BEGIN DATA PROVIDED
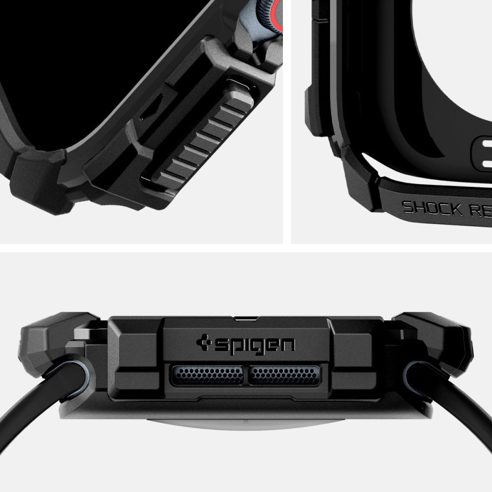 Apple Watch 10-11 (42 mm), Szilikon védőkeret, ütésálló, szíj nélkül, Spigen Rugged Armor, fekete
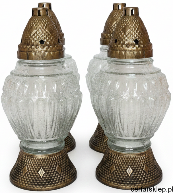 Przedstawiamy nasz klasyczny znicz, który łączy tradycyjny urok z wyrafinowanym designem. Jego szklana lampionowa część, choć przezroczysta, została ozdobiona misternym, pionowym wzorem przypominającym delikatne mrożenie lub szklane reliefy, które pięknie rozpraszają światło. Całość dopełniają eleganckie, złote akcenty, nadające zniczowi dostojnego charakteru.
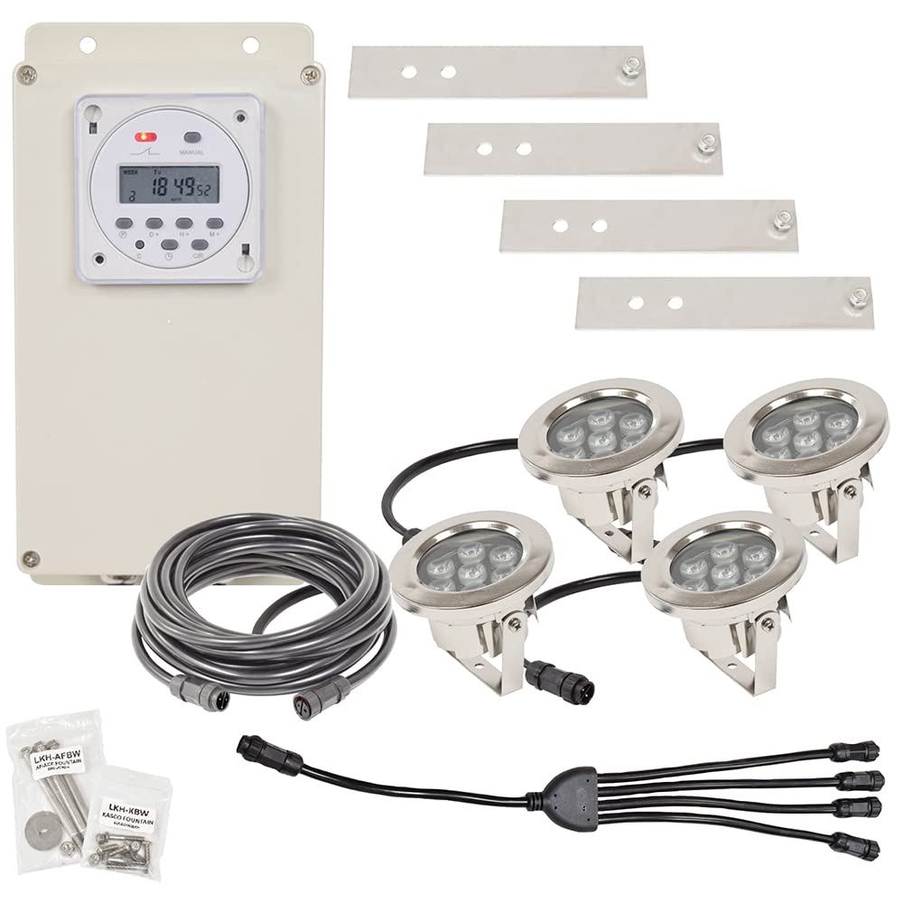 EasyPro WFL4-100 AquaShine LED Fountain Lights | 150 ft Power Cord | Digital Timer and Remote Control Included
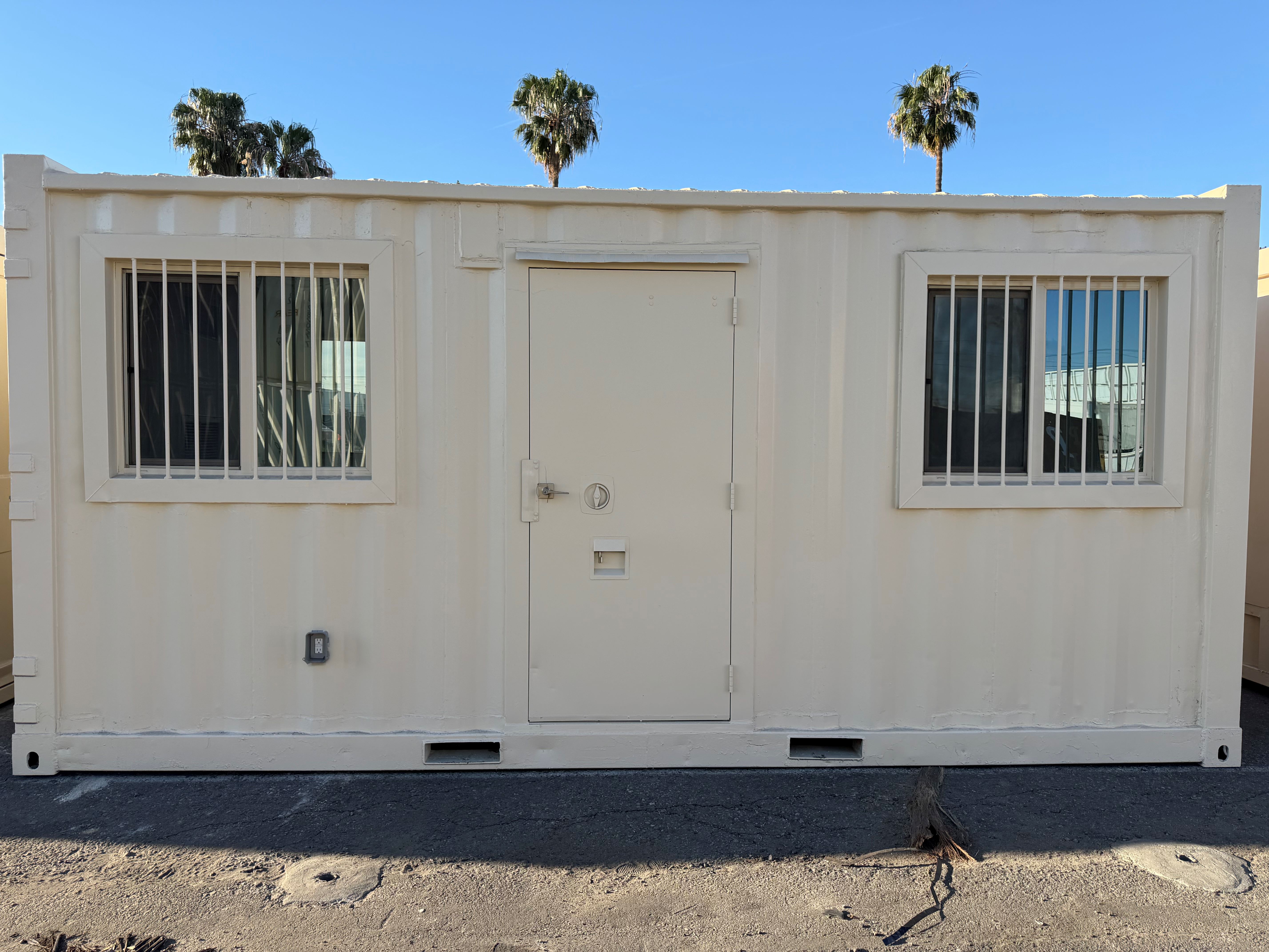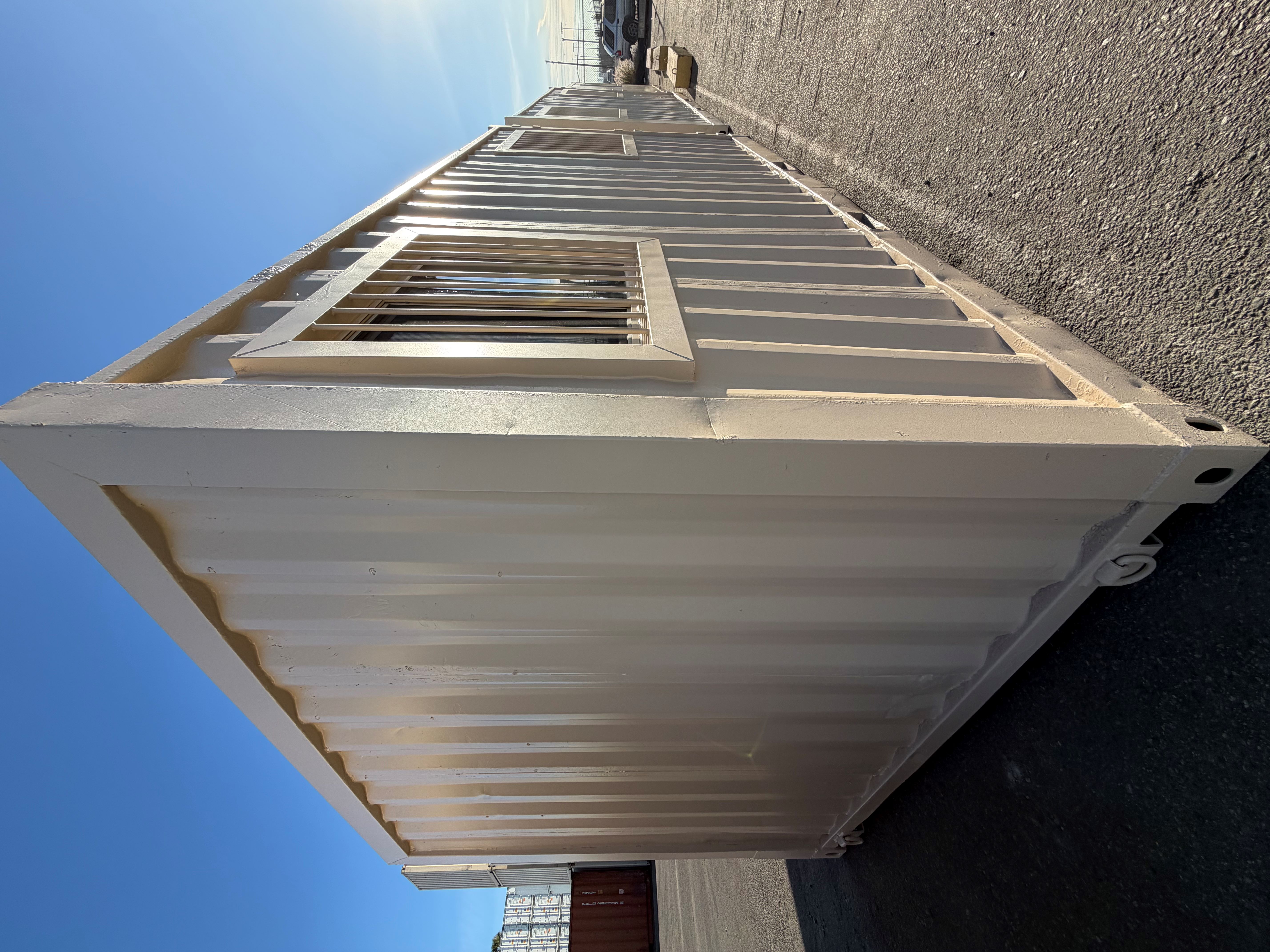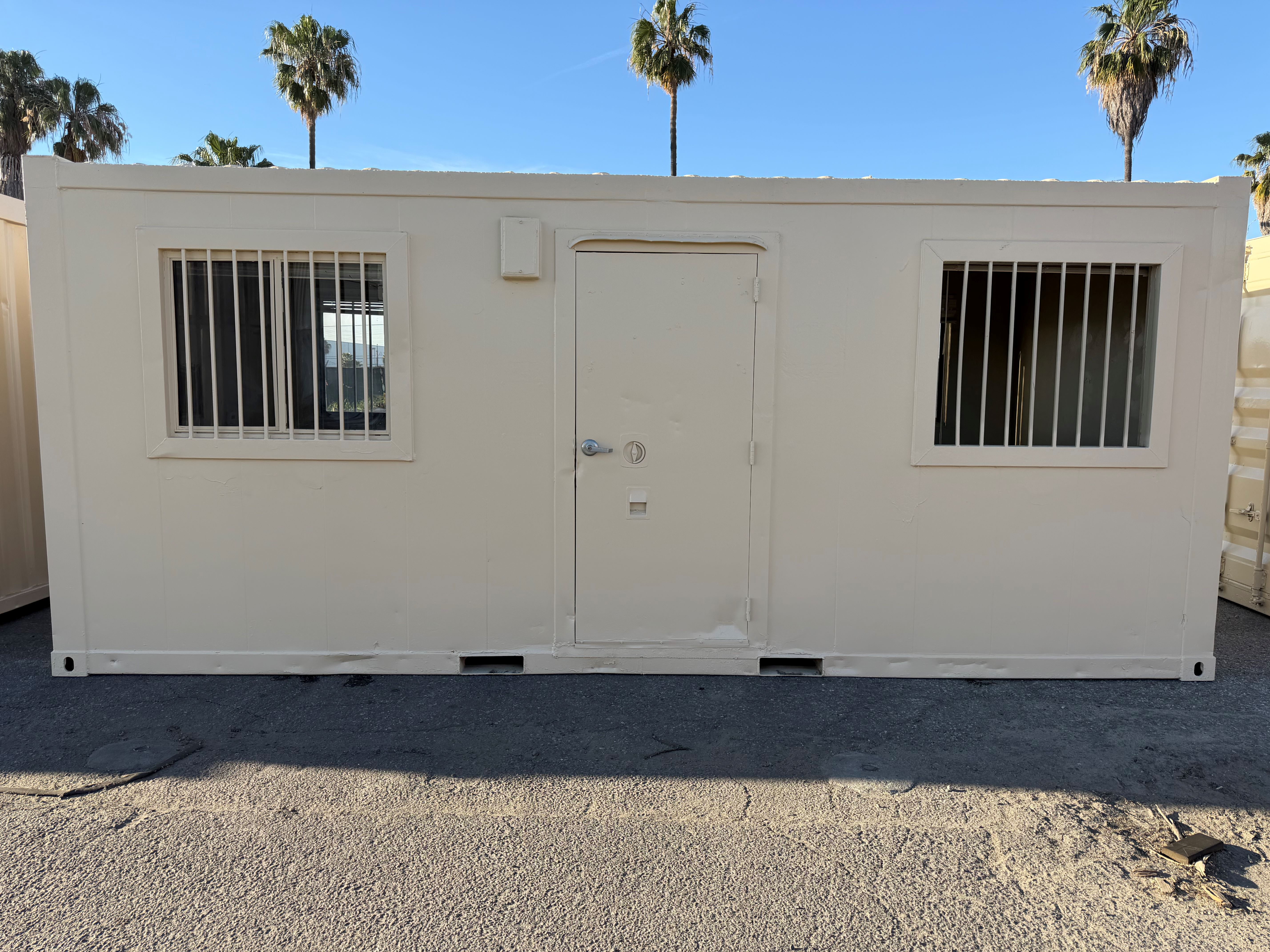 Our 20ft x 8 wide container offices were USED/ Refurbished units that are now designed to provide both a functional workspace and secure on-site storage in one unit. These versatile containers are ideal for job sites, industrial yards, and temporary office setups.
END DATA PROVIDED
Here the job is to copy the listing above word for word, starting at the line with "Przedstawiamy nasz klasyczny" and ending at the line with "EasyPro WFL4-100 AquaShine", and to leave out the pictures.

 Przedstawiamy nasz klasyczny znicz, który łączy tradycyjny urok z wyrafinowanym designem. Jego szklana lampionowa część, choć przezroczysta, została ozdobiona misternym, pionowym wzorem przypominającym delikatne mrożenie lub szklane reliefy, które pięknie rozpraszają światło. Całość dopełniają eleganckie, złote akcenty, nadające zniczowi dostojnego charakteru.
 EasyPro WFL4-100 AquaShine LED Fountain Lights | 150 ft Power Cord | Digital Timer and Remote Control Included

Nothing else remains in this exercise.